John McLaren elected ASLH fellow

John McLaren, Landsdowne Professor of Law emeritus at the University of Victoria, was elected an Honorary Fellow of the American Society for Legal History. It is the highest honour conferred on a fellow ASLH historian and recognizes a lifetime of scholarly distinction and leadership in the field.

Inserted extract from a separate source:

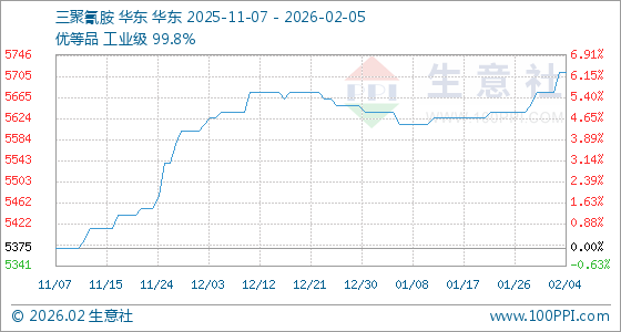 2月5日,生意社三聚氰胺基准价为5712.50元/吨,与本月初(5675.00元/吨)相比,上涨了0.66%。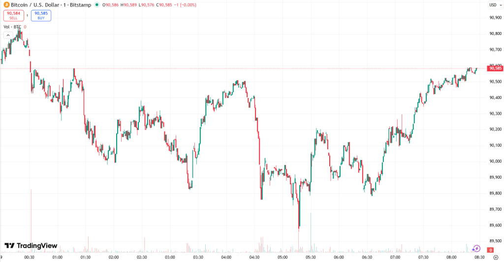 At the time of writing on Tuesday morning, BTC stood at $90,480. There was a notable plunge earlier within the day from the intraday high of $92,203 to the low of $89,735. It then recorded one other smaller peak at $91,353 earlier than pulling again to the present worth.

Professor emeritus McLaren was recognized at the ASLH conference in Washington, DC on October 31st. Professor Bruce Mann of the Harvard Law School had this to say at the ceremony:

"Professor McLaren’s scholarship across seventy-five articles and book chapters, eight co-edited volumes, and one monograph is impressive in its own right and amply merits electing him an Honorary Fellow of the Society.  The many co-edited volumes, together with his earlier role as a founder of the Canadian Journal of Law and Society, speak to another qualification for the honor.  Professor McLaren builds fields of scholarship.  He organizes conferences, connects scholars from different fields and disciplines, encourages younger scholars, and brings the best of their work together in edited volumes that define new sub-fields and spur new scholarship.  He did this for the then-emerging field of Canadian legal history nearly thirty years ago, as he has more recently for Australasia and the Commonwealth.  Even now, in “retirement,” he is a key organizer of “legal history of the British empire” conferences in Singapore and Ghana.  If Honorary Fellows of the Society are the scholars on whose shoulders we stand, Professor McLaren has actively lifted scores of other scholars to his shoulders as they join with him in pursuing new and invariably important questions in legal history."

John McLaren

Ann McLaren, John McLaren and Professor Michael Grossberg, retiring President of the ASLH.